--- Task ---
Beginning with the line that contains "This set of", retype the entries below exactly, ending with the line that contains "Descrição do produtoSuspensão". Leave out any pictures.

━━━━━ Data to examine

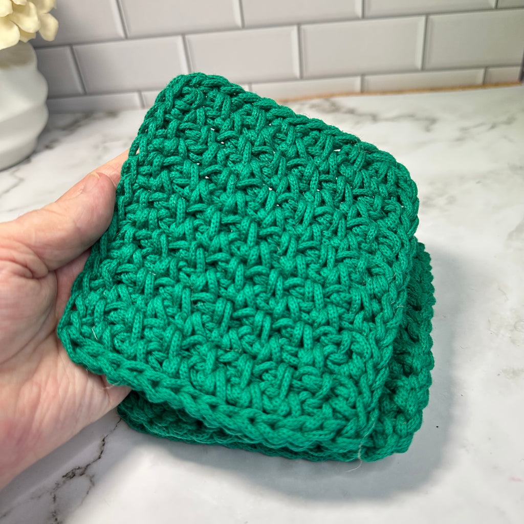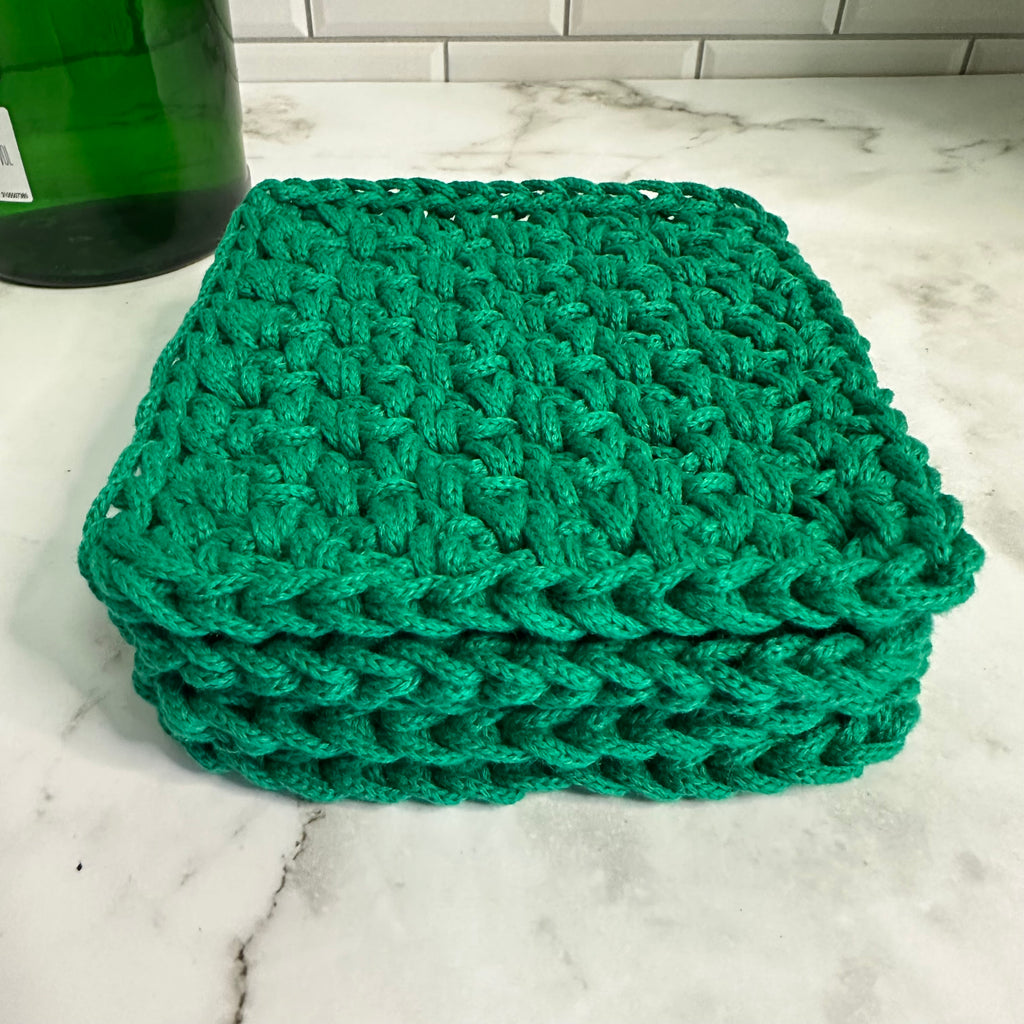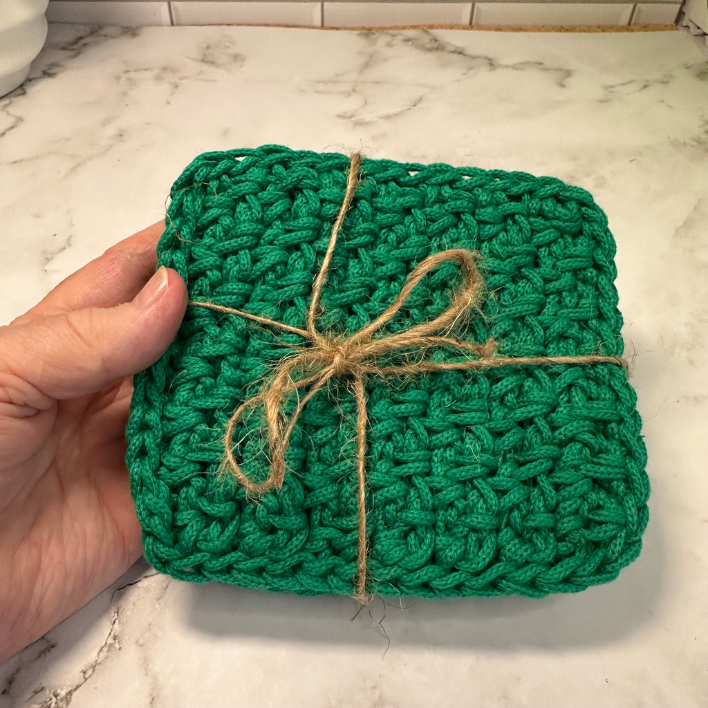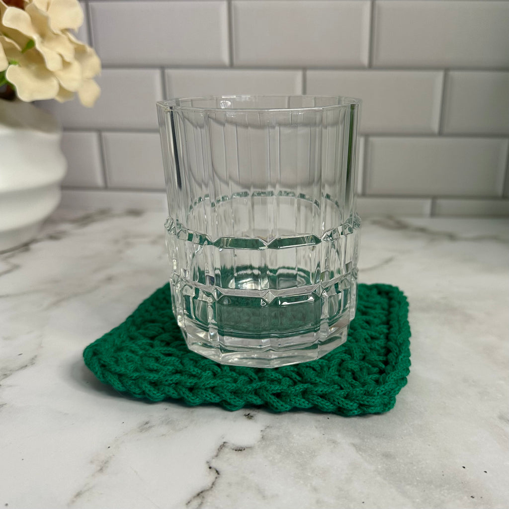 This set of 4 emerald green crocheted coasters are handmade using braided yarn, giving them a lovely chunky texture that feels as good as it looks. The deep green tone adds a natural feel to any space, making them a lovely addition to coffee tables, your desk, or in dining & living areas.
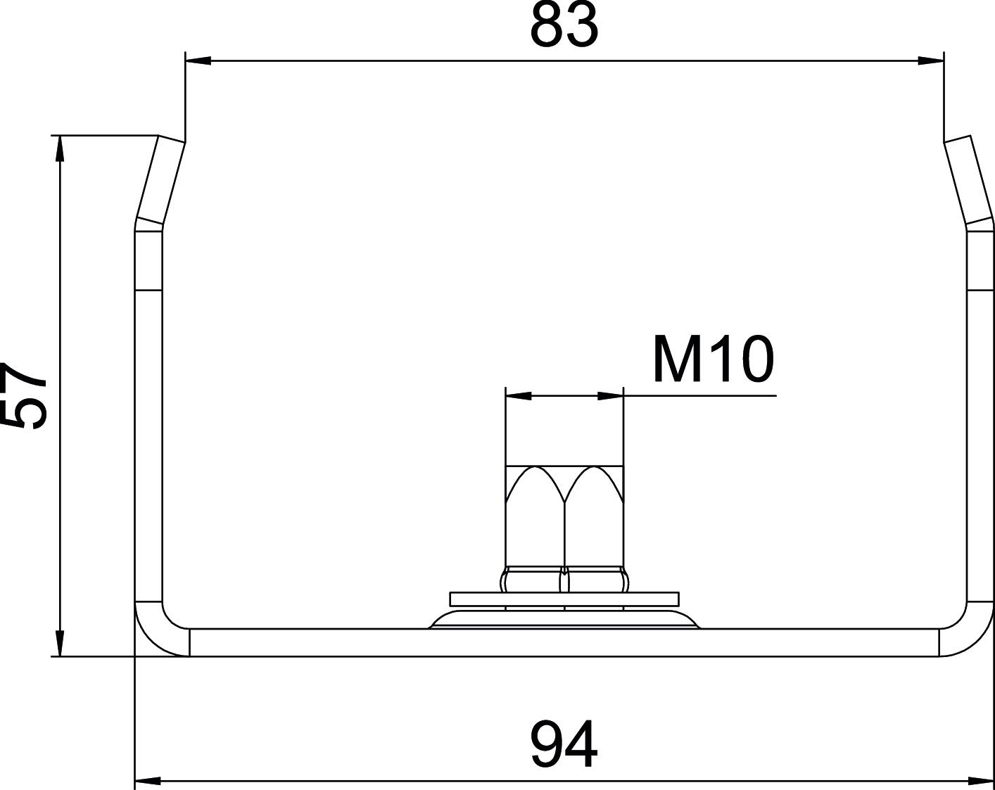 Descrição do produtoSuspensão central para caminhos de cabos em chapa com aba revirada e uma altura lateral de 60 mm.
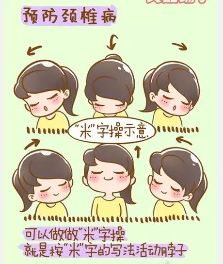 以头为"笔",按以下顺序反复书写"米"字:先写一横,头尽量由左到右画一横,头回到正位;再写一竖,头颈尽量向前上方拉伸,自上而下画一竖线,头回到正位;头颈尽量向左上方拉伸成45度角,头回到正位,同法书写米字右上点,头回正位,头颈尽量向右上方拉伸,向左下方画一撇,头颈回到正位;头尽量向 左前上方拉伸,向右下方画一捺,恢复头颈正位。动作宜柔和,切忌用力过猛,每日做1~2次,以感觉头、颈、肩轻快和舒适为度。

━━━━━━━━━━
━━━━━ Data to examine

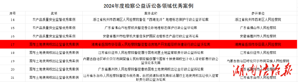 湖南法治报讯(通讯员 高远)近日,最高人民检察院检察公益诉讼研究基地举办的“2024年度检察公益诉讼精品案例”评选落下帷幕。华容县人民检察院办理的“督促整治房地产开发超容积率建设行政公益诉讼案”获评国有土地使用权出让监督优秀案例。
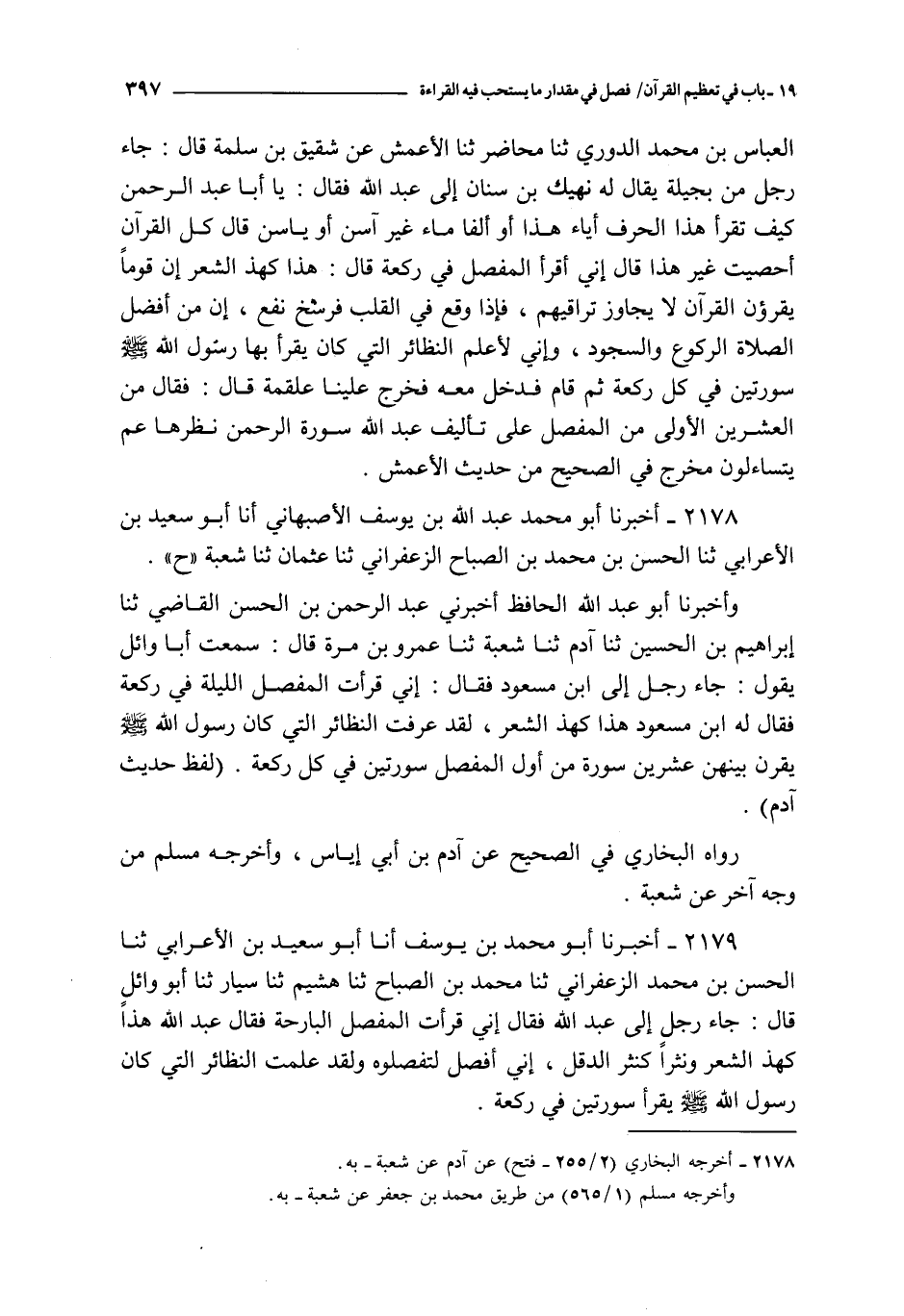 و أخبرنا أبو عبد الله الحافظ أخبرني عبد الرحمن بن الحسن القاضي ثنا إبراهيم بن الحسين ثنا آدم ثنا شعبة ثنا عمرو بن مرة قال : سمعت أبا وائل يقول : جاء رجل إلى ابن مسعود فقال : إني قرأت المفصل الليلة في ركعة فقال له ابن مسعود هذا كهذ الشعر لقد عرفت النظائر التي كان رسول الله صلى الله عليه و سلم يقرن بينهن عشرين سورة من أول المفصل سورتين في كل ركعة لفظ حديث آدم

━━━━━━━━━━

--- Response for this exercise ---
 This set of 4 emerald green crocheted coasters are handmade using braided yarn, giving them a lovely chunky texture that feels as good as it looks. The deep green tone adds a natural feel to any space, making them a lovely addition to coffee tables, your desk, or in dining & living areas.
 Descrição do produtoSuspensão central para caminhos de cabos em chapa com aba revirada e uma altura lateral de 60 mm.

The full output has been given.